There was no significant change in growth cone morphology at the TPOC/SOT intersection (Fig. 5K; Fig. 6ee-hh). The number of growth cone processes did not change significantly (Table 1). Within both this and the previous region, there was the greatest variability in the number of growth cone processes (Table 1). Also in both regions, filopodia were evenly distributed on both dorsal and ventral sides of the growth cone (Table 2).
Growth cone complexity decreased considerably between the SOT/TPOC intersection and the POC (Fig. 5L-N; Fig. 6ii-ss, Table 1). The leading edge of the growth cone frequently displayed no processes at all (for example Fig. 6ii,oo,qq). For those axons that did possess growth cone processes, 75 % were directed dorsally (Table 2). Within the contralateral TPOC, the growth cones retained their extremely simple morphology (Fig. 6tt-ww; Table 1).
Filopodia were selectively retained at regions where the growth cone had encountered divergent axonal pathways. In 87.5 % of the preparations in which the growth cone was between the TPOC/SOT intersection and the POC, filopodia or axon collaterals were retained at the TPOC/SOT intersection. Of these filopodia, 79 % were directed dorsally towards the SOT (Table 2). Of epiphysial axons with growth cones within the TPOC, 56% also retained collaterals directed caudally at the DVDT/TPOC intersection.
Growth cones that emerged from the epiphysis after the pioneer, generally did not grow independently to the TPOC, rather they followed those axons that preceded them within the DVDT. Anterograde labelling of the ‘follower’ growth cones within the DVDT show,ed that they were usually closely associated with the axon of the leading growth cone (which by these stages had already turned rostrally into the TPOC) (Fig. 7). For this reason, it was often not possible to resolve their exact morphology and we did not attempt to examine systematically the morphology of these ‘follower’ growth cones.
Availability of an alternative axonal pathway at the SOT/TPOC intersection
Epiphysial growth cones encounter two divergent axonal pathways at the TPOC/SOT intersection; one towards the telencephalon in the SOT, and the other towards the POC in the TPOC. Do the epiphyseal growth cones have access to both of these pathways or do they simply grow towards the POC because they do not have access to the SOT?
An examination of the growth cones shown in Fig. 6 (ee-ss) shows that the epiphysial growth cones project filopodia into the SOT suggesting that they had physical access to both tracts. Furthermore, in a single preparation, we observed the leading epiphysial growth cone within the wrong pathway (Fig. 8), indicating that the SOT is a permissive substratum for epiphysial growth cones. These results are strong evidence that epiphysial growth cones encounter two divergent axonal pathways at the TPOC/SOT intersection, sample both, and almost invariably choose the TPOC over the SOT.
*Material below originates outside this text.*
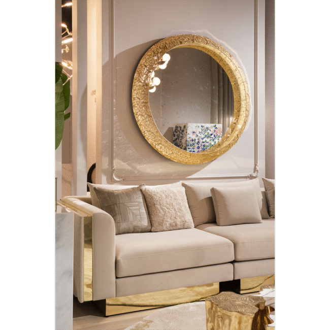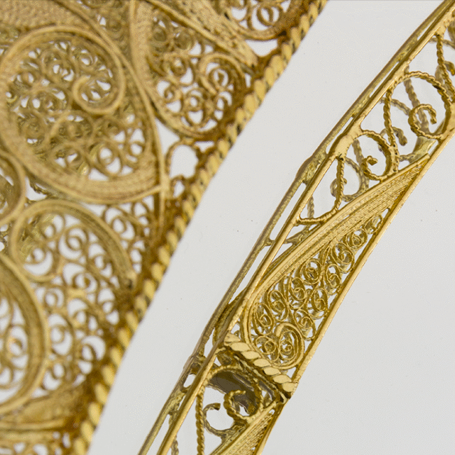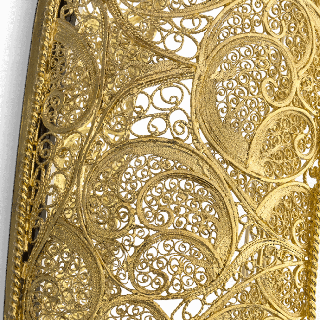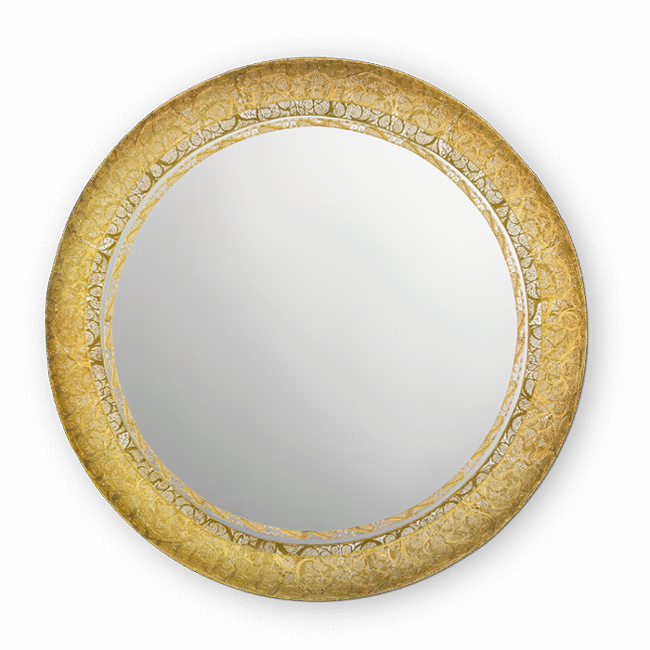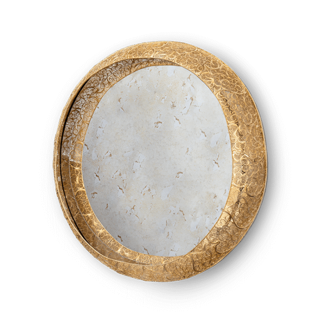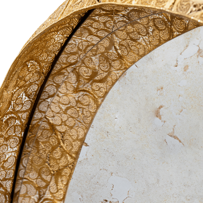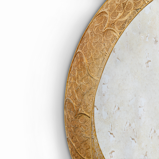 The Filigree Ring mirror resorts to one of the oldest jewellery making techniques known. Completely handcrafted, with each brass cord fitted with precision, the Filigree Ring flourishes in a traditional homage to Portuguese culture and commitment, like a jewel that reflects eternal beauty when it is contemplated. The large wall mirror’s edge is made of brass cords gilded in 18k gold, conceiving an exquisite gold round frame which elevates any setting into world-class interiors. The richness of Filigree Ring lies within its detailed jewelry expression in which skilled artisans painstakingly solder tiny beads and twisted threads to create striking artistic motifs. A precious piece of art that pays tribute to the finest craftsmanship, ideal for a unique and exclusive home.

Relationship of epiphysial axons and growth cones to other axons in the brain
Axons are known to be an important substratum for growth cone outgrowth and indeed they may be the source of important guidance cues (Bastiani et al. 1984; Kuwada, 1986). We therefore examined the location of the epiphysial axons and growth cones with respect to other axons that were visualised either electron microscopically or immunocytochemically following dil application to the epiphysis.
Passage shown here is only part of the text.